Kruger wasn’t sure motherhood would happen for her. In her mid-twenties, she married the French film director Guillaume Canet, but they divorced after five years. Next came a decade-long relationship with Dawson’s Creek star Joshua Jackson that resulted in Kruger being consistently tailed by the paparazzi. The relationship disintegrated around the time of her 40th birthday. ‘I didn’t want children for a long time,’ she says. ‘I really liked my life the way it was. In my late thirties, I was starting to think about it but I wasn’t in a place in my relationship at the time – or whatever – where that was going to be a possibility and so I had kind of given up hope and I thought it was just too late. And I was OK with that. While writing this book, it definitely felt like sometimes life gives you things when you least expect them but most need them. The arrival of Nova has changed my life – our lives – in the best possible way. It’s just amazing that you thought you were one thing but you’re meant to do something completely different.’

Kruger’s own childhood was disrupted by her father’s alcoholism. An introvert who devoured books and walked her pet rabbit, Benny, around the neighbourhood on a lead, she recalls feeling like ‘an outsider. I didn’t love playing catch or football… I did ballet, which was not cool,’ she says. Embarrassment about her father’s behaviour meant that she ‘couldn’t really bring kids home’. Her parents split up when she was 13 and Kruger is now estranged from him.

The isolation she felt as a girl means that Kruger wants her own daughter to ‘always feel like she has a place everywhere’. On a practical level, this has meant enrolling her in the international system of Montessori schools. ‘Wherever I go, I put her in school – I don’t want her to feel like her life is on hold when I’m working or Norman is working.’ At home, work talk with Reedus is kept to a minimum. ‘This is maybe the first time in my adult life that I’m in a relationship where I respect him to do his thing,’ Kruger says serenely. ‘I want him to feel he can do anything he’s interested in and I would support that. And I expect that the other way around [from him].’

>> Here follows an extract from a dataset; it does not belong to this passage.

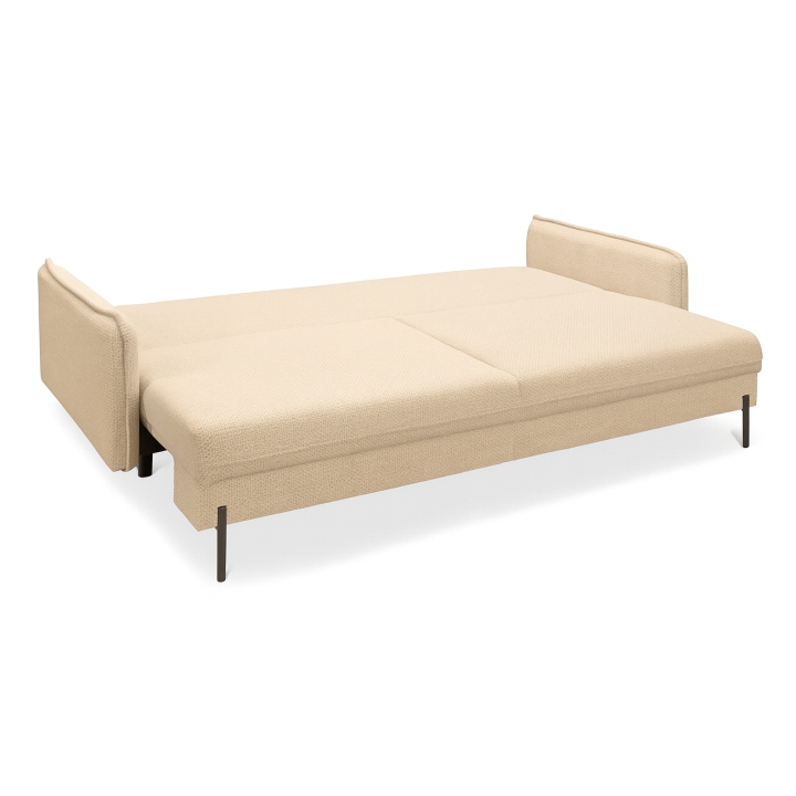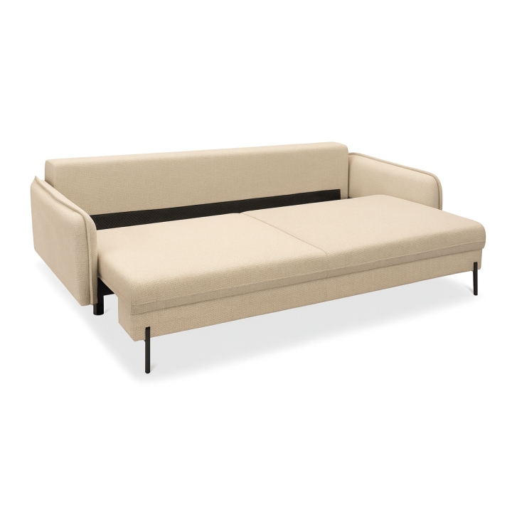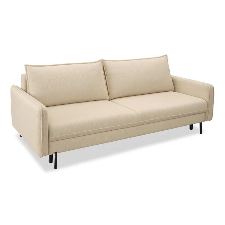 The seat is filled with polyurethane foam and corrugated springs, which together provide stable and comfortable support. On the other hand, the loose backrest cushions filled with silicone inserts increase comfort during everyday use. The DL type sleeping function mechanism allows for quick and intuitive unfolding, and the 150 x 198 cm sleeping surface will work perfectly as an extra bed for occasional overnight stays. The sofa is also equipped with a bedding container, so you can easily store a duvet, blanket or pillows.

Now, feeling established in Hollywood (‘I’ve had more interesting offers [of roles] in the last two years than I feel like I’ve ever had in my career’) has given Kruger the confidence to speak out about pay inequality in the industry. It’s been on her mind for a while; in 2017, she remarked that, in the United States at least, she had never been paid as much as a male co-star. Five years on, is the industry’s gender gap closing? ‘I don’t know,’ she replies carefully. ‘I think it’s getting better, for sure. There’s definitely a space that has been created. There’s always a danger of regressing but I trust that the fierce ladies of Hollywood will speak up. I think there’s more transparency.’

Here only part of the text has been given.